#### Supplied material
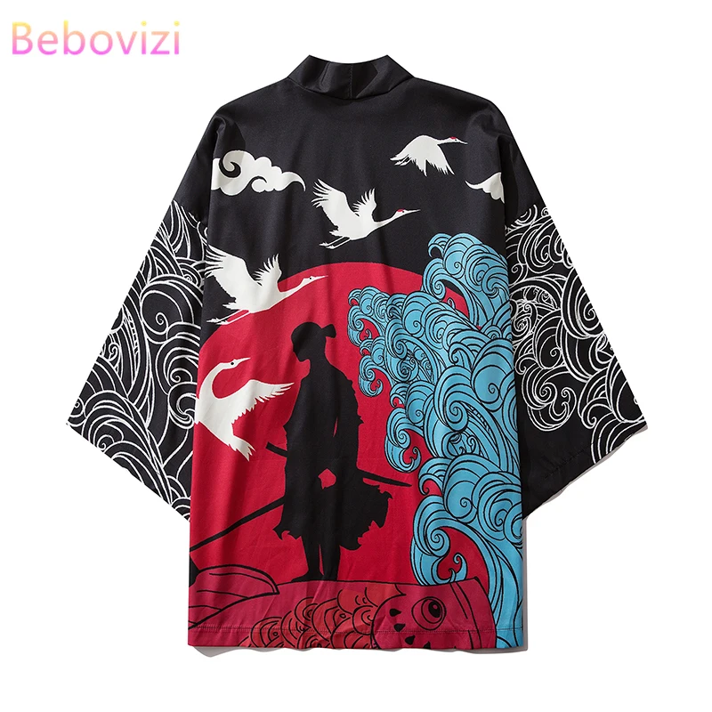 Японский кардиган-кимоно Ukiyo-e Samurai Robe Crane Supreme Bodhi, ...
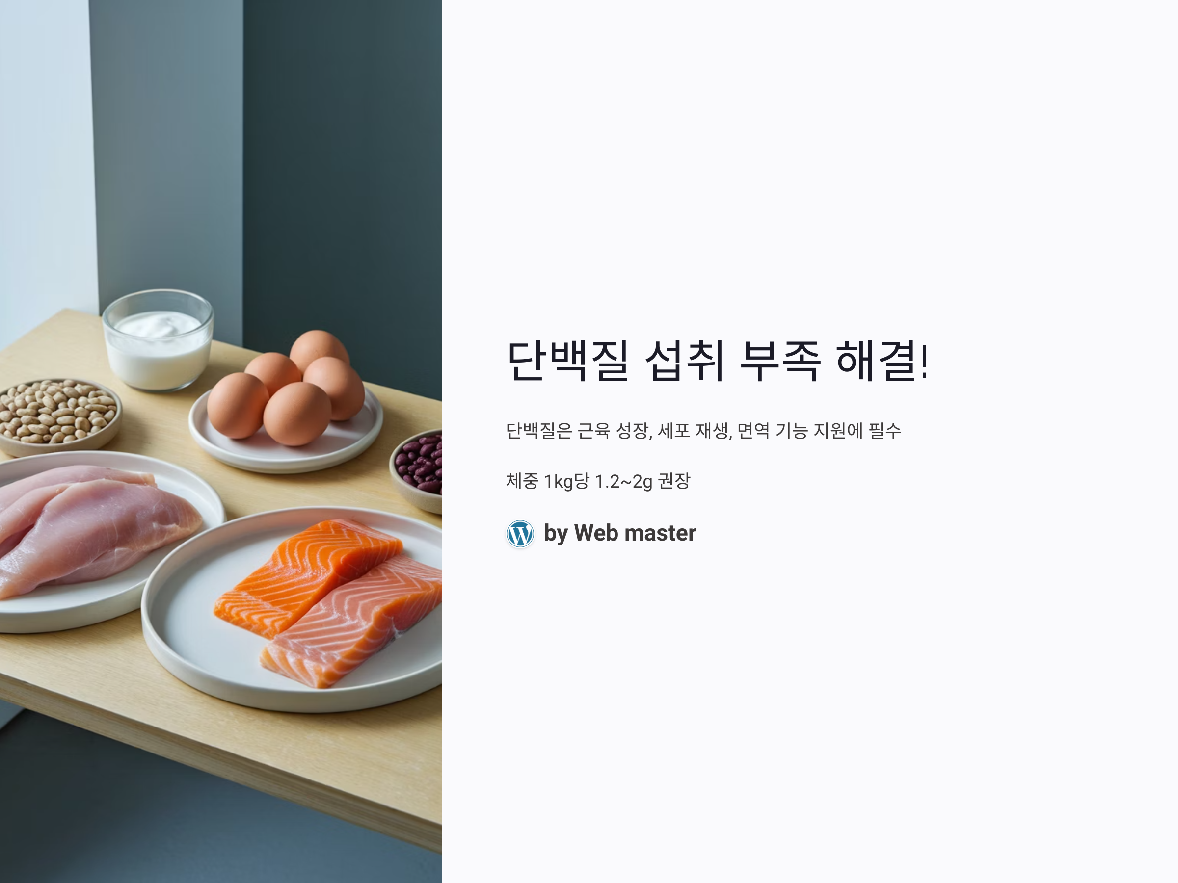 단백질 섭취 부족을 해결하는 것은 단순히 근육을 키우는 것뿐만 아니라, 전반적인 건강을 유지하는 데 매우 중요합니다. 고단백 식품과 단백질 보충제를 적절히 활용하여 균형 잡힌 식사를 통해 단백질을 충분히 섭취하세요. 꾸준한 단백질 보충은 건강한 체중 관리와 체력 향상에 도움이 될 것입니다.
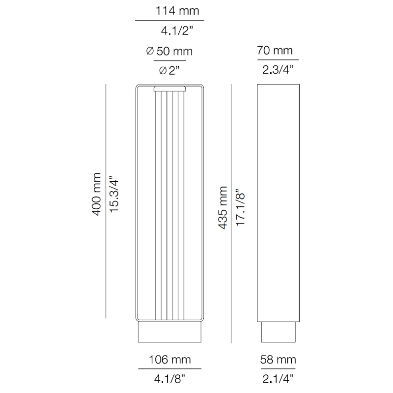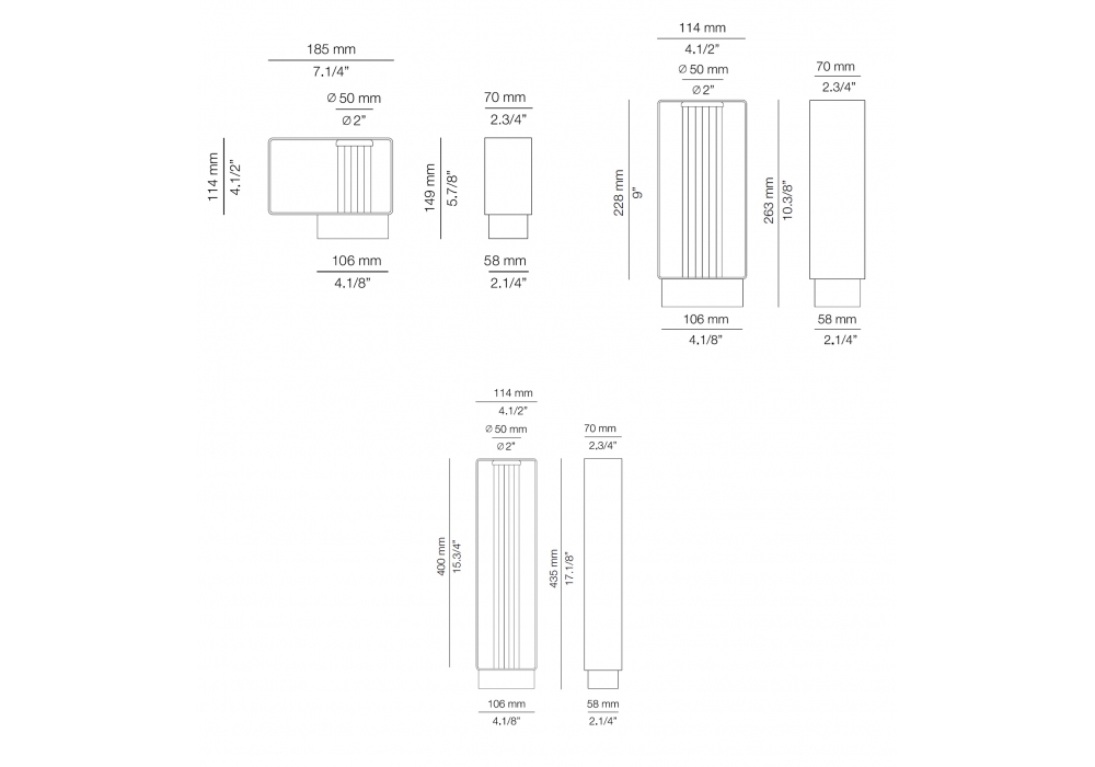 | Abmessungen | 18,5 x 7 x H 14,9 cm; 11,4 x 7 x H 26,3 cm; 11,4 x 7 x H 43,5 cm. |

#### Problem details
Without any of the pictures, reproduce the listing above exactly.

#### Solution to this task
 Японский кардиган-кимоно Ukiyo-e Samurai Robe Crane Supreme Bodhi, ...
 단백질 섭취 부족을 해결하는 것은 단순히 근육을 키우는 것뿐만 아니라, 전반적인 건강을 유지하는 데 매우 중요합니다. 고단백 식품과 단백질 보충제를 적절히 활용하여 균형 잡힌 식사를 통해 단백질을 충분히 섭취하세요. 꾸준한 단백질 보충은 건강한 체중 관리와 체력 향상에 도움이 될 것입니다.
 | Abmessungen | 18,5 x 7 x H 14,9 cm; 11,4 x 7 x H 26,3 cm; 11,4 x 7 x H 43,5 cm. |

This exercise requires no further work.